Первый гарсон (начинает разговор опять). И через несколько месяцев, маэстро… (Напрягает бицепсы и подмигивает другу.) …У вас будут такие же мускулы, как у Геркулеса. (Кристьяно вздрагивает от этой мысли.) Кстати, маэстро, когда вы родились?
Кристьяно. В шестьдесят шестом.
Первый гарсон (лицемерно). Подумать только, какое совпадение! И Геркулес тоже! (Подбивает Геркулеса вступить в разговор.) Ну, скажи им!
Второй гарсон. Да, я родился семнадцатого января тысяча девятьсот шестьдесят шестого года.

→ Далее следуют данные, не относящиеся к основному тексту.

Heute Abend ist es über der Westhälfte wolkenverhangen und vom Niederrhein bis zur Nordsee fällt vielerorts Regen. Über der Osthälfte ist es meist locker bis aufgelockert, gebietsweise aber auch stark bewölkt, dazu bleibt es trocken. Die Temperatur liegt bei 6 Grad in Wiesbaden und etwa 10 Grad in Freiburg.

Кристьяно (медленно оборачиваясь). Семнадцатого января?… Как странно. Когда мы разговаривали о руках, на секунду подумал… Знаешь, кто родился семнадцатого января тысяча восемьсот шестидесятого года?

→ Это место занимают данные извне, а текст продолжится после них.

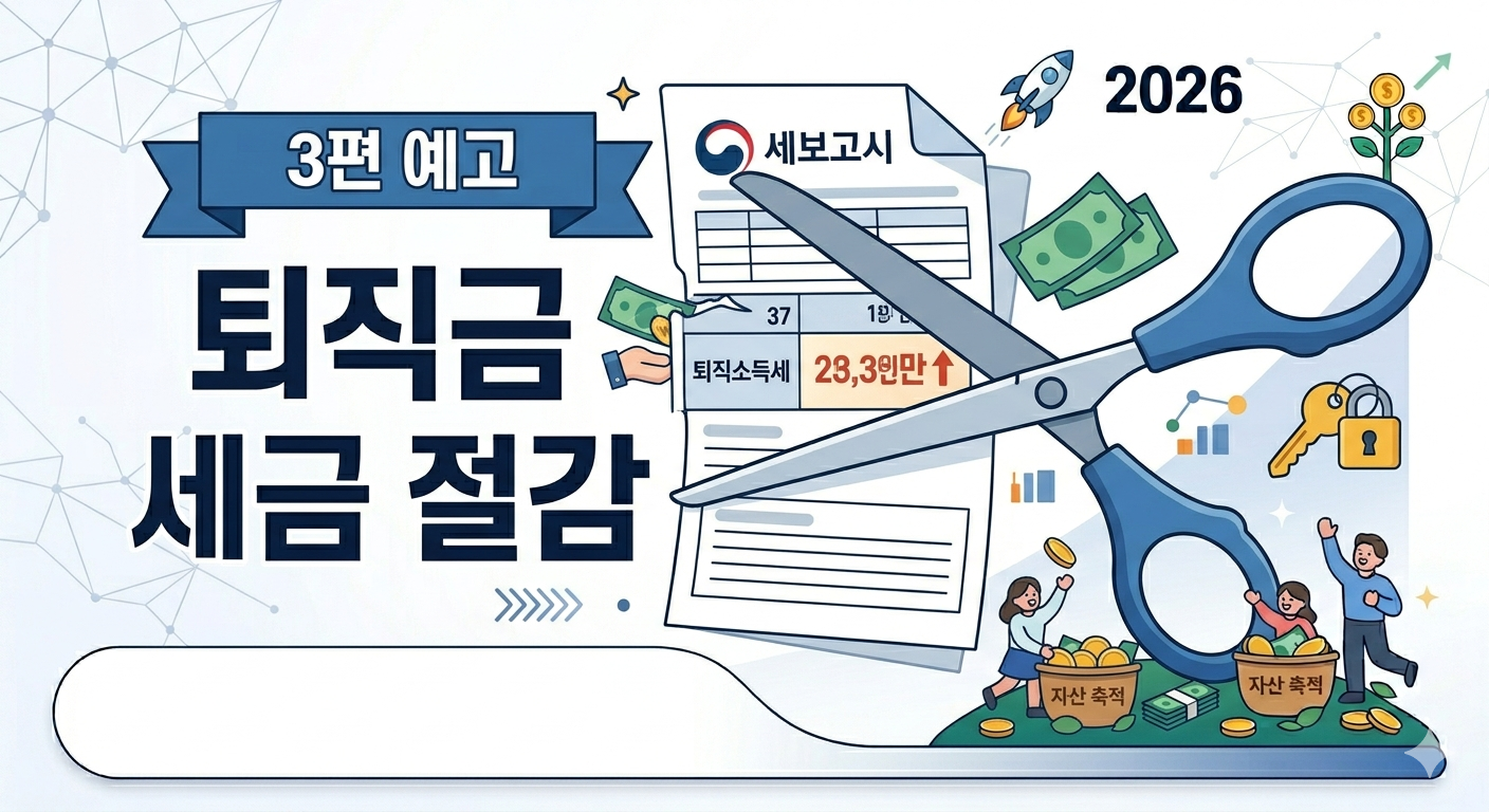 [절세 #1] 세금만 아껴도 수익률 15% 상승? ISA·연금저축·IRP 절세 계좌 완벽 비교 (0) 2026.04.23 [IRP #3] 퇴직금 바로 찾으면 손해! IRP 계좌 수령으로 퇴직소득세 아끼고 노후 자금 지키는 법 (0) 2026.04.23 [IRP #1] 2026 IRP 가입조건 및 세액공제 한도 총정리: 직장인·사업자 필독 가이드 (0) 2026.04.22 [연금 #4] 급전이 필요할 때 필독! 연금저축 중도인출 페널티 없이 저율 과세 받는 법 (0) 2026.04.21 [연금 #3] 연말정산 환급금 99만 원의 마법: 연금저축 600만 원 한도 완벽 활용법 (0) 2026.04.21

Второй гарсон (глядя на первого). Да. (Неправильно ставит ударение.) Чехов. Тот, который написал «Свадьбу», «Сад трех сестер». Он мне рассказывал. (Показывает на первого.)
Первый гарсон (раздражен его тупостью). Да, мы о нем говорили. Я рассказал ему, что вы обожаете Чехова… И что мы беседуем о нем время от времени, и что его брат называл его бездельником.
Кристьяно (наконец получает возможность показать свою эрудицию). Михаил Павлович, его брат и биограф, писал в своих воспоминаниях: «Он меньше всего способен на физический труд.» (С воодушевлением поясняет.) Он не сразу нашел свое место в жизни. Получил медицинское образование в 1884, но окончательно бросил практику, потому что не мог больше смотреть на окружавшие его страдания. (Эмоционально.) Никто из писателей всех времен тоньше его не чувствовал!